You seem like quite a strange choice for American Idol.

Do you know what they wanted? I think they wanted a bitchy gay Englishman, and I think someone said, ‘get that guy from the Pet Shop Boys’. Well that’s what I assume. My issue, as much as anything else, was that I don’t think it’s possible to be ‘Neil Tennant of the Pet Shop Boys’ and ‘Neil Tennant, American Idol judge’. I think the Pet Shop Boys ‘project’, as we call it nowadays, would have been totally compromised and I would have just become Neil Tennant the TV personality. I’ve never had any interest in that sort of thing – and I’ve had some quite interesting offers over they years to present arts programmes for BBC2 and Channel 4.

 

What did you think of the Daft Punk album?

It’s very ambitious. This has been the year of two amazing marketing campaigns: David Bowie’s, and Daft Punk’s. They both revolve around neither artist having made a record for a while and creating a lot of anticipation.

 

He says, releasing his second album in the space of a year.

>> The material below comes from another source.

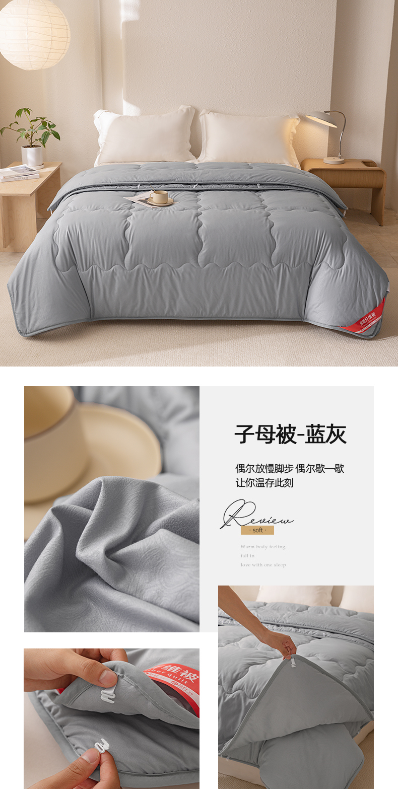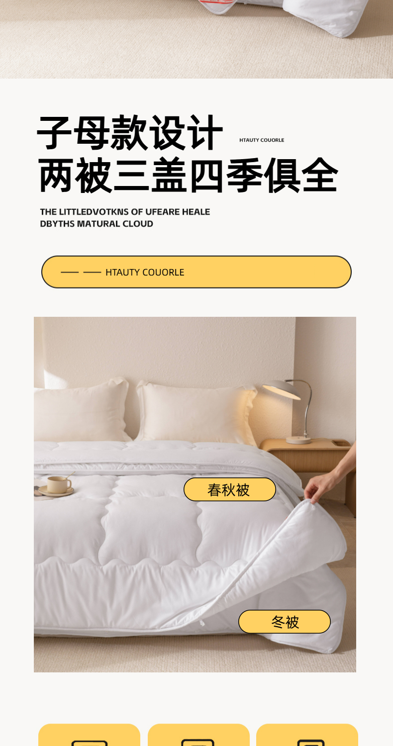 (总)天瑜家纺 2025新款磨毛冬被二合一子母被被子被芯,白色,蓝灰色,米黄色

Exactly! (Laughs) The total opposite of what we’ve done. But they’ve also been about selling an idea. If you compare it with us, we go to Los Angeles, we make an album, we use the people who sang on Michael Jackson’s ‘Thriller’ and all the rest of it, but we don’t make a big deal of that. We mention it in passing – we don’t say ‘we’re making a classic Los Angeles album and we’re drawing upon the history of Los Angeles to do that’. We don’t like to do anything that’s retro. We like to think, in our own way, that we’re moving on. Although with Daft Punk it’s exciting to think they’ve worked with Giorgio Moroder and Nile Rodgers. It’s a soft rock album really, isn’t it?

 

It’s interesting that people have said ‘oh here come Daft Punk showing the EDM lot how to make dance music’, because it’s not really a dance album. It would have been great if they’d stormed back with a smart electronic album to show the world that yes, you can actually make bright and brilliant dance music… This feels a bit like backing away from the fight. I mean if you walk away from a fight you win in a way, but not as much as you win by knocking someone out.

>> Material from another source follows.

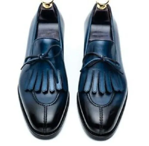 Handmade Men Blue Slip on Shoes with Fringes, Men Blue Formal Dress shoes

I mean on Nile Rodgers’ tracks he’s really earning his share – the first track is really just Chic, isn’t it. Have you read the Nile Rodgers book? It’s very good. He defines a pop song: the verse is only an excuse for the chorus, and the chorus is only an excuse for the breakdown. I said to Chris, ‘we should paint that on the wall of the studio’. It’s totally true. What I like on the Daft Punk album are the ballads: track two, for instance. They sound like Art Garfunkel is about to come on and sing. It feels like a very interesting and luxuriously created and expensive record and the idea is presented that this isn’t the sort of thing people do nowadays, although if you go to Los Angeles or Nashville you’ll find people doing that seven days a week. But they don’t have a computerised vocal on it.

 

Who would you like to produce your next album?

Stuart Price. ‘Electric’ is the first album in a trilogy. I think it works, as an idea. The way the three of us work together is unusual, it’s not like any other album experience we’ve had. He seems to bring out the best in us, and he has the nerve to totally overrule us, which is probably quite a good thing.

 

Would you let him join the band?

He can play live with us if he likes, but I don’t think he’d want to join the band. The Pet Shop Boys is a duo.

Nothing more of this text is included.